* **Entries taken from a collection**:
----------
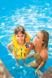 Tanítsd meg gyermekeidet könnyedén és biztonságosan úszni ezzel az INTEX márkájú gyerek úszómellénnyel. Tartós PVC-ből készült, és a biztonságra és szórakozásra összpontosító kialakítás.
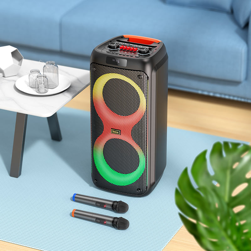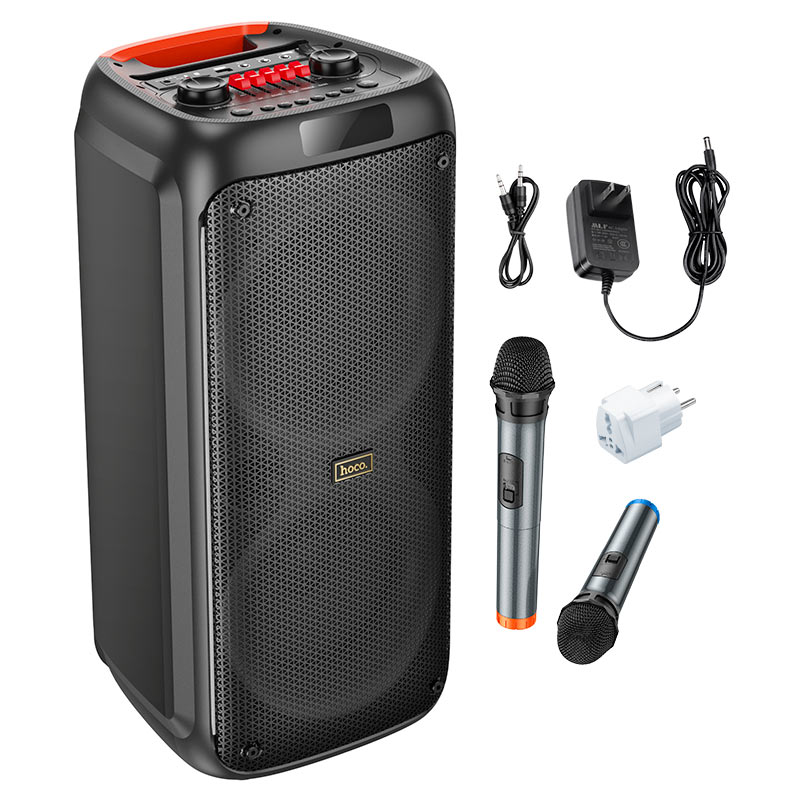 HA7 Leader, wireless speaker, BT v5.0, with 7000mAh battery, 7 hours of work, supports BT, TF, USB, AUX, TWS playback modes, with 2 wireless microphones
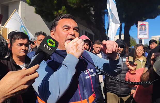 El secretario general del SOEM Río Gallegos, Pedro Mansilla, se dirigió a los trabajadores que se manifestaban frente a la Legislatura provincial luego de que la Cámara de Diputados resolviera por unanimidad devolver al Poder Ejecutivo el proyecto vinculado a la emergencia económica para su revisión.
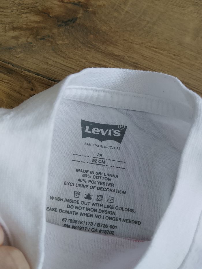 T-shirt blanc et rouge manches courtes garçon, 2 ans de chez Levi's. Authentique. En très bon état, sans tâche ni trou. Quelques petites bouloches dues aux lavages. Maison non fumeur mais avec animaux.
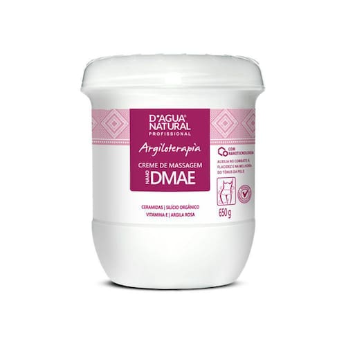 Desenvolvido para auxiliar na prevenção e combate à flacidez, ou creme nano dmae do dagua combinação natural de uma mistura de ativos nano estruturada com argila rosa que atua para favorecer a regeneração tecidual e sintética de cor, devolvendo firmeza à pele. o silício orgânico e o dmae atuaram na remodelação da matriz de cor i e ii da pele. a vitamina e possui ação antioxidante. e, devido à sua composição mineral rica em ferro, ajuda na hidratação e nos tratamentos de flacidez pelo seu grande tensor de potência. o produto melhora o contorno corporal, é altamente emoliente e auxiliar nas manobras de massagem estética.
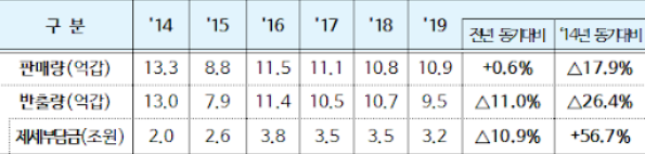 볼 수 있습니다. 하지만 담배의 판매량은 전혀 줄 기미가 보이지 않고 있습니다.
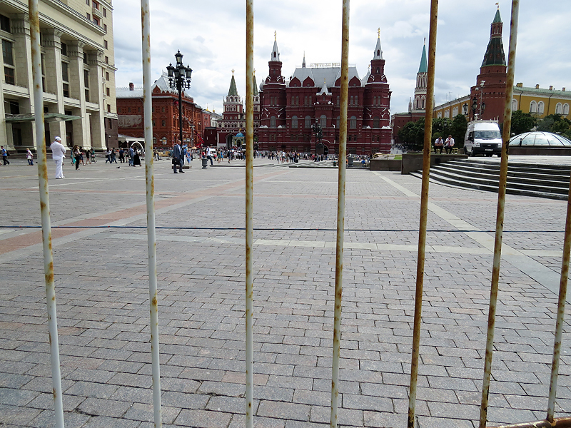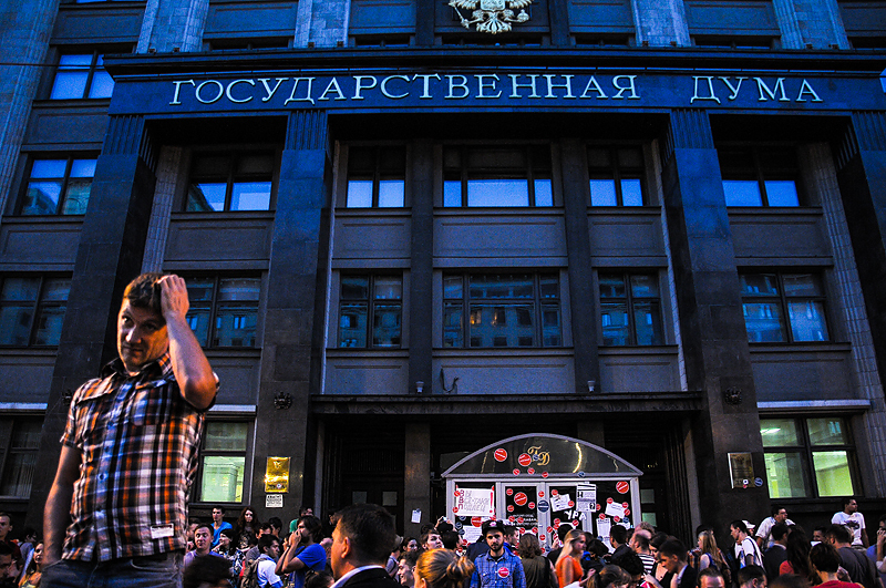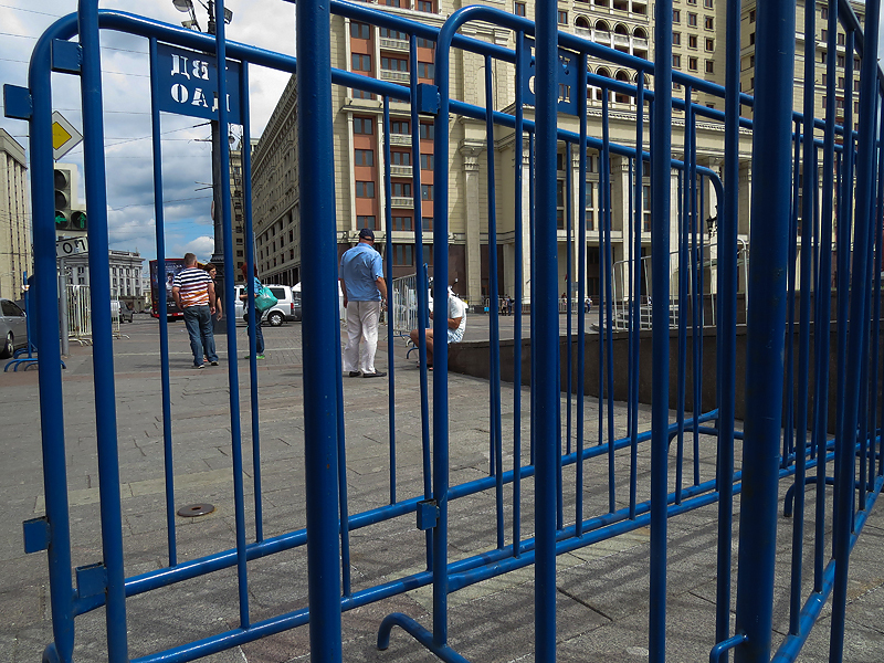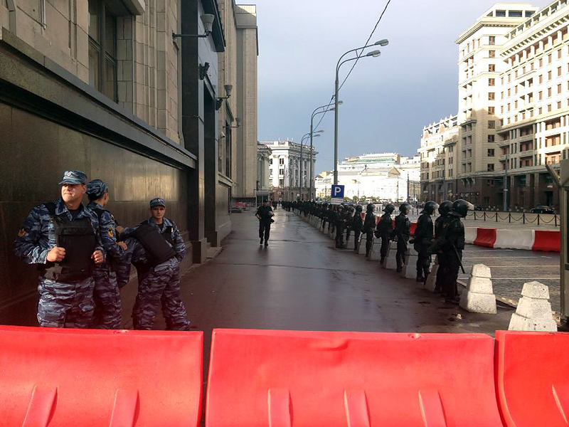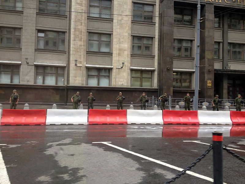 Полина Химшиашвили / ВедомостиВдоль фасада здания Госдумы, от угла Моховой и Тверской улиц до угла Моховой и Большой Дмитровки выставлено оцепление и установлены заградительные тумбы, обычно используемые для ограждения территории дорожных работ, передает корреспондент «Ведомостей»
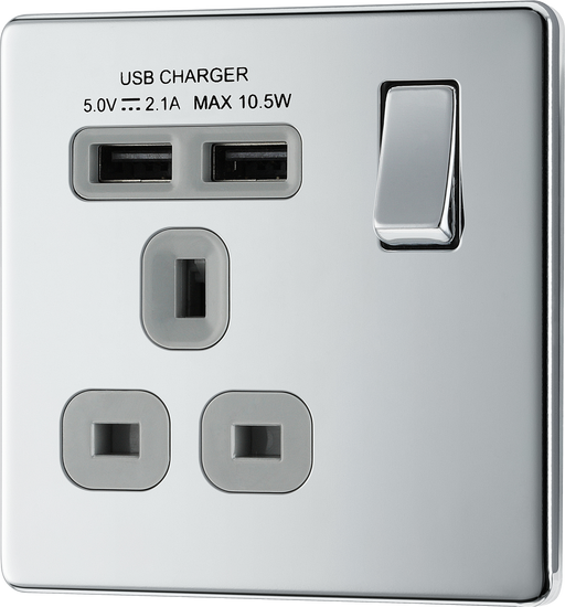 View full detailsBG Electrical Flatplate Screwless Polished Chrome - Single, switched, single pole, with 1 x USB A + 1 x USB C
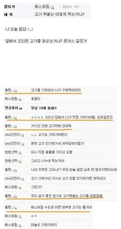 사진 속에는 "고기뷔페는 어떻게 먹는 거냐"는 질문 글과 이에 대한 네티즌들의 장난스러운 답변이 담겨있다.
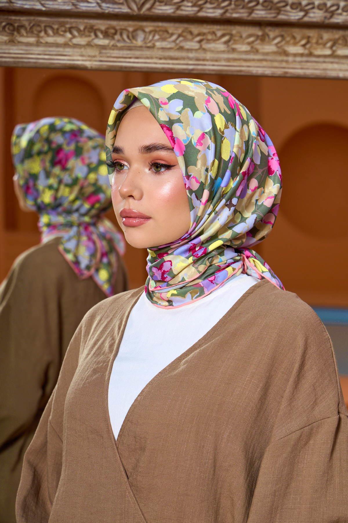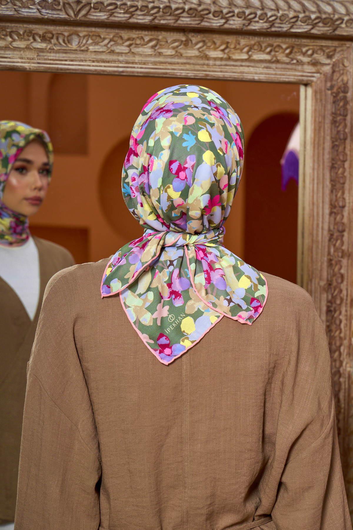 90x90 cm ideal ölçüsüyle, ister klasik ister modern bağlama stilleriyle kolay kullanım sağlar.
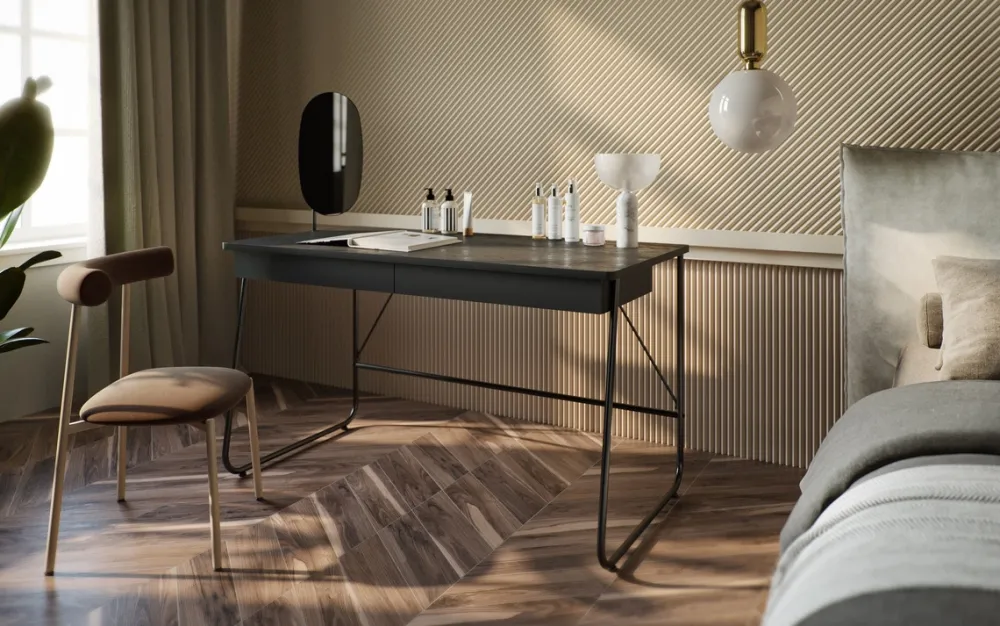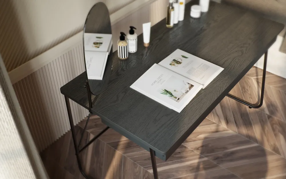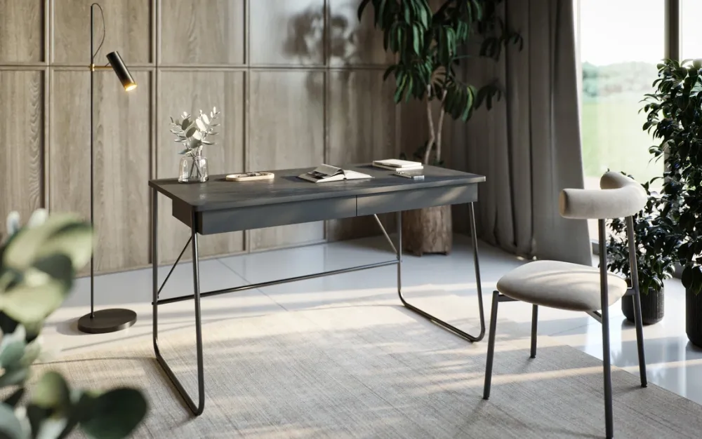 Biurko MATCH to nie tylko piękny wygląd, ale przede wszystkim funkcjonalność. Biurko z szufladami oferuje dwie pojemne szuflady, wyposażone w prowadnice kulkowe, gwarantujące płynne i ciche otwieranie oraz zamykanie. Ich dyskretny uchwyt poprzez złapanie za krawędź podkreśla minimalistyczny charakter mebla.
----------
Because the copy must hold no pictures, return only the lines that run from the line containing "Desenvolvido para auxiliar" to the end of the data above, each exactly as it stands.

* **Answer to this task**:
 Desenvolvido para auxiliar na prevenção e combate à flacidez, ou creme nano dmae do dagua combinação natural de uma mistura de ativos nano estruturada com argila rosa que atua para favorecer a regeneração tecidual e sintética de cor, devolvendo firmeza à pele. o silício orgânico e o dmae atuaram na remodelação da matriz de cor i e ii da pele. a vitamina e possui ação antioxidante. e, devido à sua composição mineral rica em ferro, ajuda na hidratação e nos tratamentos de flacidez pelo seu grande tensor de potência. o produto melhora o contorno corporal, é altamente emoliente e auxiliar nas manobras de massagem estética.
 볼 수 있습니다. 하지만 담배의 판매량은 전혀 줄 기미가 보이지 않고 있습니다.
 Полина Химшиашвили / ВедомостиВдоль фасада здания Госдумы, от угла Моховой и Тверской улиц до угла Моховой и Большой Дмитровки выставлено оцепление и установлены заградительные тумбы, обычно используемые для ограждения территории дорожных работ, передает корреспондент «Ведомостей»
 View full detailsBG Electrical Flatplate Screwless Polished Chrome - Single, switched, single pole, with 1 x USB A + 1 x USB C
 사진 속에는 "고기뷔페는 어떻게 먹는 거냐"는 질문 글과 이에 대한 네티즌들의 장난스러운 답변이 담겨있다.
 90x90 cm ideal ölçüsüyle, ister klasik ister modern bağlama stilleriyle kolay kullanım sağlar.
 Biurko MATCH to nie tylko piękny wygląd, ale przede wszystkim funkcjonalność. Biurko z szufladami oferuje dwie pojemne szuflady, wyposażone w prowadnice kulkowe, gwarantujące płynne i ciche otwieranie oraz zamykanie. Ich dyskretny uchwyt poprzez złapanie za krawędź podkreśla minimalistyczny charakter mebla.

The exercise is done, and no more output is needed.